The Health and Wellbeing at Work Survey in 2014 


The Health and Wellbeing at Work Survey was conducted in 2014 to support the 
Health and Work Policy Programme by the Department for Work and Pensions 
in the United Kingdom. It was commissioned in response to recommendations by 
the Independent Review of Sickness Absence released in 2011, and includes the 
Health, Work and Wellbeing indicator set developed in 2010. 

The target group of the Health and Wellbeing at Work Survey were paid 
employees aged 16 and above in Great Britain. There are 2,013 respondents in 
the main sample plus two boosters of 219 and 139 respondents, respectively, 
targeting individuals who were off work for more than two weeks, given a low 
prevalence of employees who had been off work for more than two weeks in the 
past twelve months. Taken together, there are 2,371 survey respondents in total. 
Interviews lasted, on average, twenty minutes. 

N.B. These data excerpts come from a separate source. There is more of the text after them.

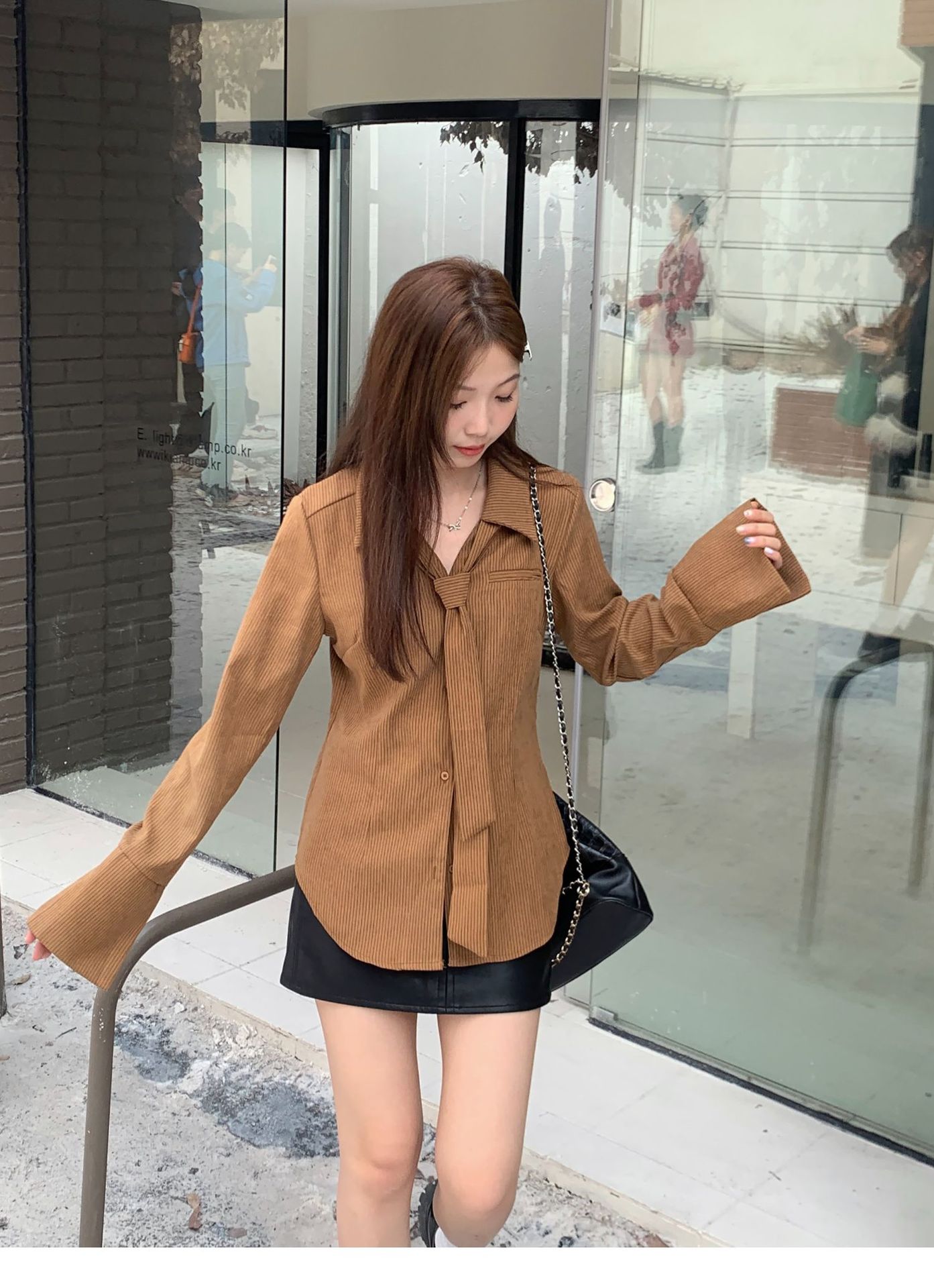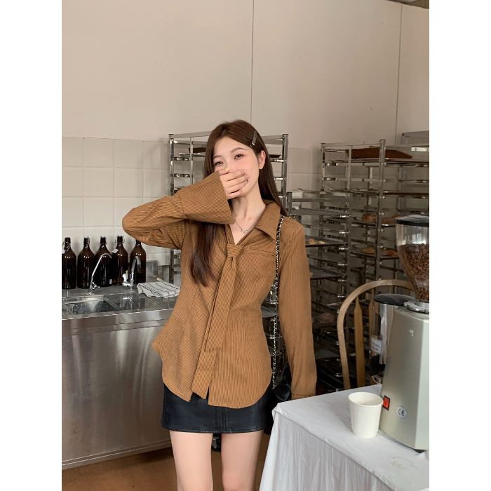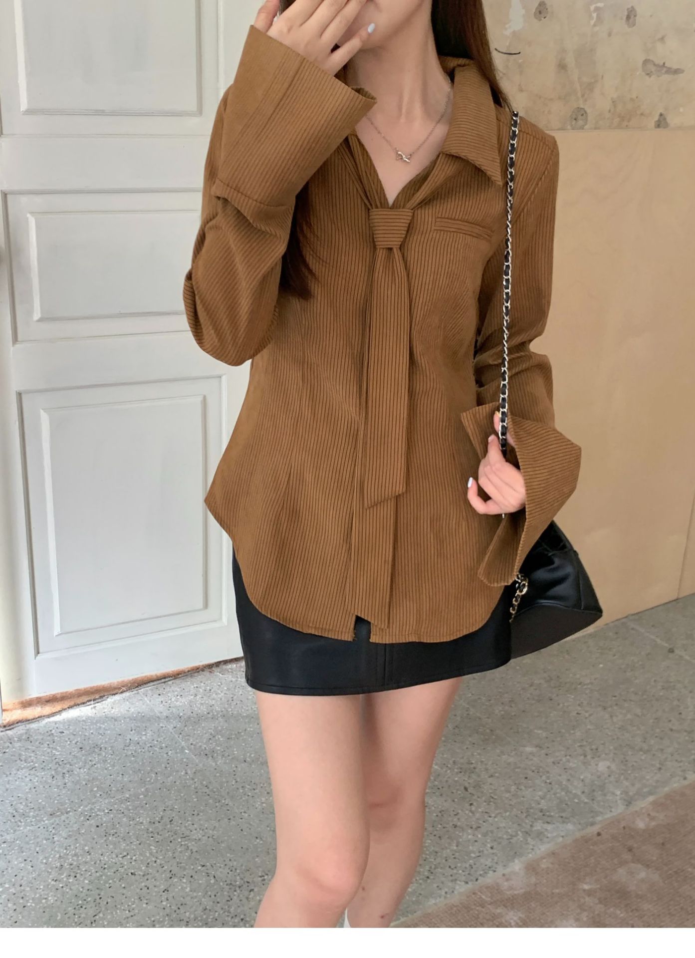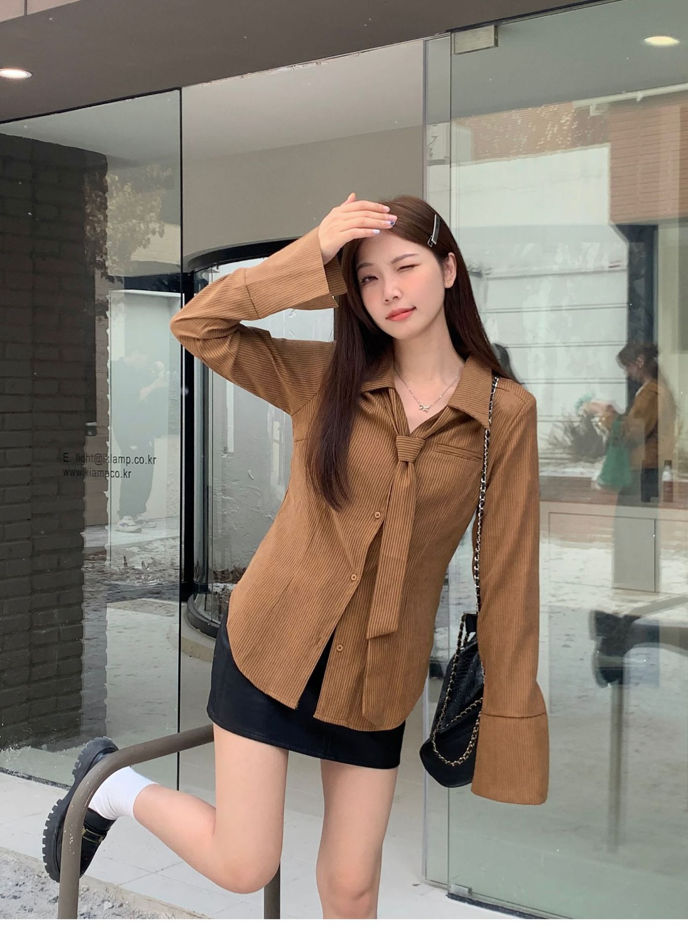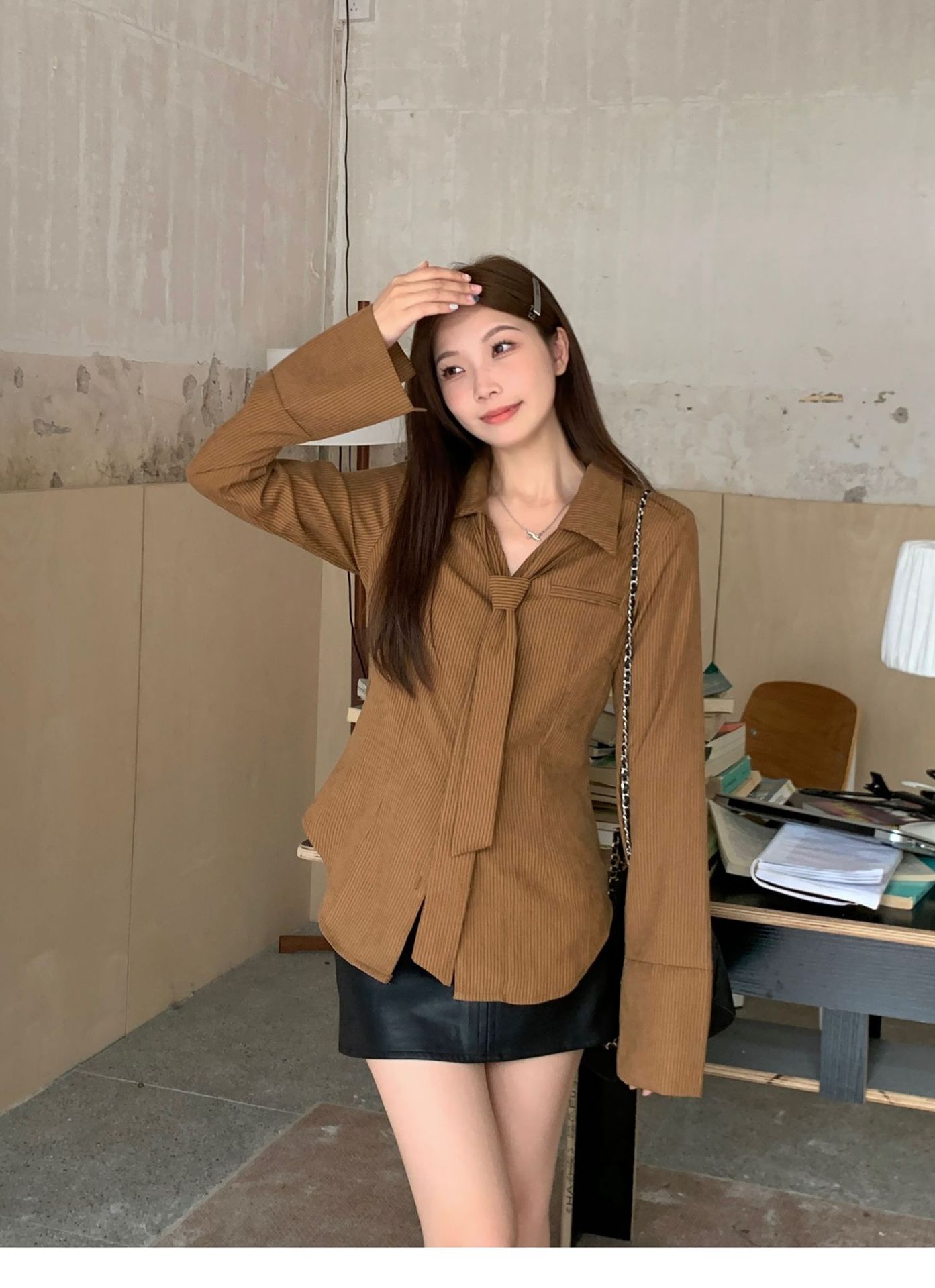 봄 새로운 마일라드 옷깃 중간 길이 셔츠 통통녀 틈새 디자인 센스 스트라이프 셔츠 최고 여성 패션스토어 가기
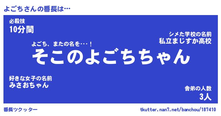 | ファンタジー風あだ名 | 『ヨゴフェル』『エターナルヨゴチー』 |
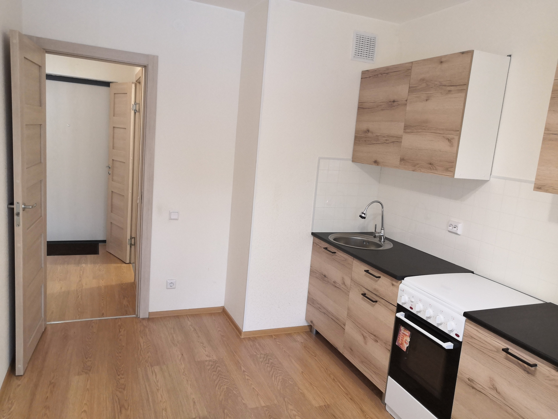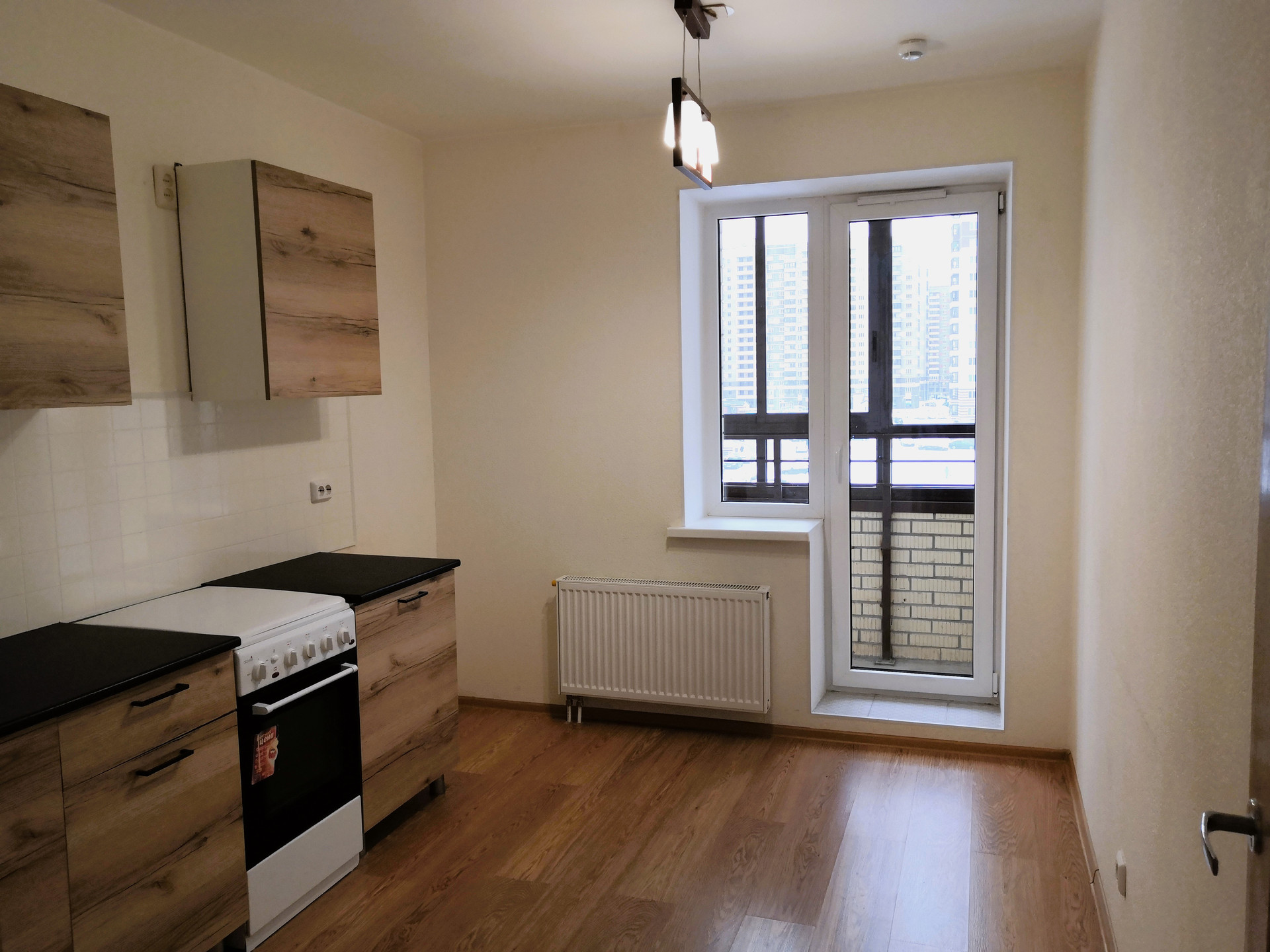 В комнате есть место для обустройства гардеробной. Мебель и плита на кухне остаются покупателям. В ванной кафельная плитка и необходимая сантехника, есть место и коммуникации для стиральной машины, установлены приборы учета. Радиаторы отопления с терморегулятором, в помещениях отсутствуют стояки отопления - разводка труб в полу.

The main sample, which comprises 2,013 respondents, was collected 
using computer-assisted telephone interviews and random digit-dialling of 
both landline and mobile phone numbers so as to reach all parts of the 
phone-using population. Respondents were called at different times of the 
day and at different times of the week to ensure a nationally representative 
sample. Field work, which was conducted by NatCen Social Research and the 
Work Foundation, was from January to April 2014. The response rate for the 
main sample was about 25 per cent, which is very reasonable for a survey of 
this type. 

The first booster sample, comprising 219 respondents, was collected by fol- 
lowing up respondents from the Health Survey for England, Scottish Health 
Survey, and Welsh Health Survey. Respondents with certain characteristics 
that made them more likely to have been off work for more than two weeks 
(i.e. reported health problems and being in work or close to the labour market) 
were contacted. The second booster sample, comprising 139 respondents, was 
collected using the contact details of respondents from a consumer access panel 
(Panelbase). 

All three sub-samples were combined and weighted to make the combined, 
final sample nationally representative of the population of employees aged 16 and 
above in Great Britain.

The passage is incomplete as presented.